I had always thought of kids that grew up in Magnolia as privileged, private school brats. Magnolia was only a five minute hop from Queen Anne, tucked away in its own little inlet directly north of Elliott Bay. It was an extremely protected upper class neighborhood in the northwest part of the Seattle limits. Apparently his parents hadn’t spoiled him, though.
With two girls in college at the same time, my folks helped out as much as they could, but both Anna and I had to take out some loans and worked through college to help pay for any personal extras and entertainment. I had great memories from college, though. The nerd that I was, I joined a business club at the UW business school, and that’s where I met the bulk of my college friends, including Andrew. I decided not to mention that part to Ryan.
Ryan graduated from the UW in ‘95. He explained that most of the jobs that existed today in technology didn’t exist when he was in college. We were both blown away by the knowledge that the burst of technology that we now knew as a normal part of our lives, really didn’t take off until Portals ‘95 came out. He thought being at MS would’ve been cool back then, but he went straight to the Bay Area after graduation to start what he thought would be a long investment career. I mentioned that I was in my last year of Junior High in 1995, which made him cringe.
He got all corporate genius on me for a little while, talking about the advances of social media in our culture and speculating where it would be in a few years.

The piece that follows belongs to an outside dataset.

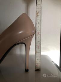 Decolletè emporio Armani taglia 39 color cipria, vera pelle, tacco 10cm, mai usate per problemi alla schiena. Difetto di 1cm e 1/2 su cucitura, dove si è tagliata la pelle, ma quando indossate invisibile. Come si vede nell’ultima foto.

I only thought of it from the perspective of having a Facebook account, which I really only used to post my vacation photos, my arrival at a trendy restaurant, and to satisfy my curiosity about what my friends were up to. I wasn’t much of a Twitter user, but what MS professional didn’t have a LinkedIn account? That was the extent of my social media usage, though. He encouraged me to get more engaged with understanding the social media benefits for marketing and how it could be used to build stronger customer relationships. He said this would help me in my job.